I would encourage us all to pause and reflect on the work of the cross. What is the cross of Christ? It is the action of God. It’s a singular act, one-time act in history that encompasses all hopes of redemption. So it’s the story of all human reconciliation of God. It’s a one-time act of God. This action is made present to us even now by the work of the Holy Spirit.

The cross is also a revelation. In the death and resurrection of Christ, we come to behold the depth of the Father’s love. Jesus reveals the Father. The cross reveals the self-offering of love between Jesus and the Father and the Holy Spirit.

The cross is also teaching us something about the very shape of all creation. The world is created to reflect this self-offering of love. This great exchange of love.

The cross is the pattern of Christian discipleship.Paul will point to the cross as a pattern of considering others greater than ourselves; pouring out our life on behalf of others. It is the shape of love.

The cross is also good news and great joy. There is much to be said about the joy inherent in the work of the cross. This is just the beginning of ways of meditating on the work of the cross we keep coming back to it. Keep rehearsing the story of God’s love for us revealed in the life, death and resurrection of Jesus Christ.
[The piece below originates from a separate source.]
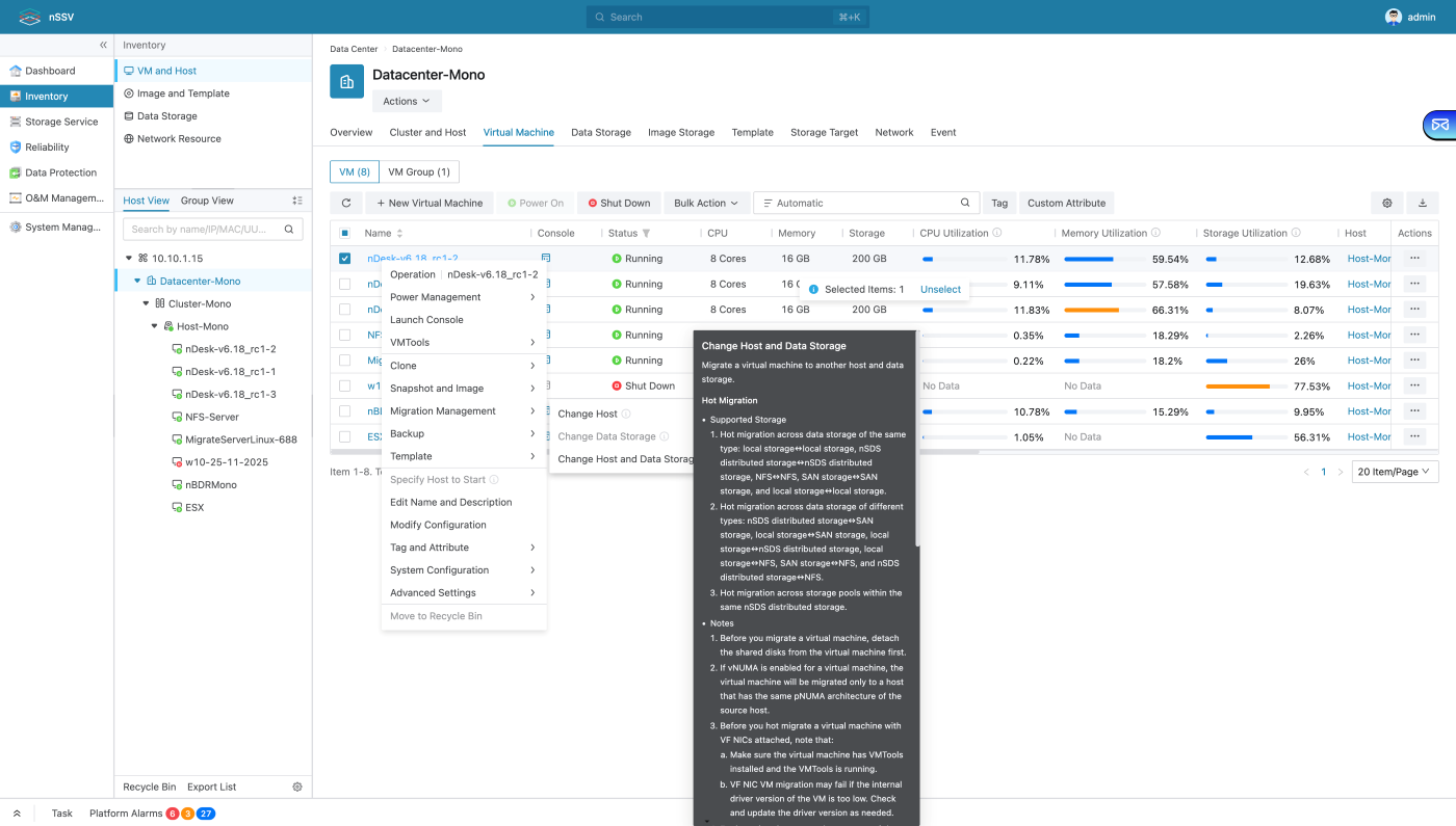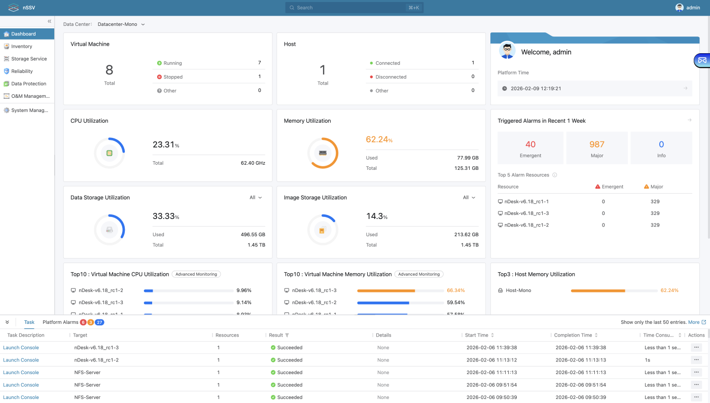 nSSV scales modularly—from a single node for small setups or labs to multi-thousand-node clusters with zero planned downtime for expansion. The hypervisor leverages KVM with enterprise enhancements: NUMA-aware CPU scheduling, EPT optimizations for reduced virtualization overhead, memory ballooning and overcommitment, transparent page sharing, and compression to maximize density.

This week as I thought about the cross, I spent some time rereading old notes I had made from writers who’ve taught me about the cross. I will end with the words of Dumitru Staniloae,

“Only by the cross can we remain in submission to God and in true love towards our neighbors. We cannot purify or develop our own spiritual life, nor that of others, nor that of the world in general, by seeking to avoid the cross. Consequently, we do not discover either the depth or the greatness of the potential forces and powers of this world as a gift of God if we try to live without the cross. The way of the cross is the only way which leads upwards, the only way which carries creation towards the true heights for which it was made.”[3]


[1] Thomas Merton, New Seeds of Contemplation, Abbey of Gethsemani, Inc. (1961), p. 60.

[2] Merton, 59.

[3] Dumitru Staniloae, The Victory of the Cross, SLG Press (1970).